Da saßen sie, die Verlorenen und Verlassenen, die Auswürflinge des unaussprechlichsten Elends, eine Musterkarte von Zerrissenheit und ungewaschener, ungekämmter Verwahrlosung bildend. Sie waren übrigens still und ruhig, fast in peinlicher Weise. Sie harrten dem „Futter“ entgegen. Allmählich trollten noch ein Paar Spätlinge herein, schlotternden Ganges oder mit sonderbar ausgespreizten Beinen. Ein Wald von Haarwuchs bedeckte die Köpfe Aller. Einige trugen Wämmser, die ihnen bis an die Knöchel reichten; die Hosen waren nur noch stückweise zu erkennen. Ein paar hatten kaum das Hemd auf dem Leib, um die Hüften hingen sonderbare Fahnenfetzen; klappernd vor Kälte wackelten sie in den Saal herein und lugten mit thierisch scheuem Blick umher. Einige hatten verkrüppelte Glieder. Die Krücke diente dem Einen oder dem Anderen, um herbeihumpeln zu können; die Mehrzahl schien jedoch kräftigen Gliederbaues zu sein. Man sah blasse, abgehärmte Gesichter, eingefallene Wangen, auch einige Antlitze, auf denen sich, wenn der Schein nicht trog, frühzeitige Verworfenheit malte. Im Ganzen war die Gesichtsfarbe jedoch nicht schlecht; Manche freilich zeigten eine hektische Röthe und geisterhaft glänzende Augen. Es waren ein paar höchst confiscirte Physiognomien, aber auch nicht wenige ausdrucksvolle Köpfe dabei, mit nobel geschnittenen Zügen. Die im Allgemeinen schöne Form des englischen Stammes ließ sich selbst unter diesem Abschaum nicht verkennen. Irländer, däuchte mir, waren kaum da, obwohl diese celtische Nationalität den ärmsten Pöbel Londons bildet. Sie mochten fürchten – und diese Befürchtung, wie sich nachher herausstellte, hatte in der That Viele vom Kommen abgehalten, es sei von der Polizei eine Falle gestellt worden, um bei dieser Gelegenheit einen Fang zu thun oder wenigstens gewissen Geheimnissen der armen Gäuche auf die Spur zu kommen. Der Irländer ist von Herzen gewöhnlich gutmüthiger, als sein englischer Cumpan, aber doch auch wieder eher zum Mißtrauen geneigt.

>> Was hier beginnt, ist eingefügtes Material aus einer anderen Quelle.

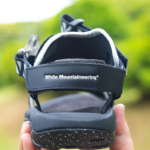 甲側のストラップでも調整できるのですが、フィット感の主な調整はカカト側のストラップで行います。ここにはシンプルにWHITE MOUNTAINEERINGの文字が。ちなみにストラップの模様も、WMをあしらったものなんだとか。

Gegen zweihundert Knaben, im Alter bis zu sechszehn Jahren, waren an den Tischen versammelt. An einem Ende des Saales saßen achtzig reguläre Bewohner des Zufluchtshauses beisammen, und der Contrast zwischen diesen gewaschenen, gekämmten, anständig gekleideten Jungen, die doch ehemals gerade solche verstruppte Straßenwildlinge gewesen waren, und den zur Speisung geladenen Lazarussen war außerordentlich. Zwanzig Knaben des Zufluchtshauses machten die Aufwärter. Das Abendessen bestand aus einer schönen Portion saftigen Rindfleisches, mit einem Laibchen Weißbrod, einer kleinen Kanne Kaffee und einem Pfund Plumpudding. Ein stämmiger Krieger hatte nicht mehr verzehren können.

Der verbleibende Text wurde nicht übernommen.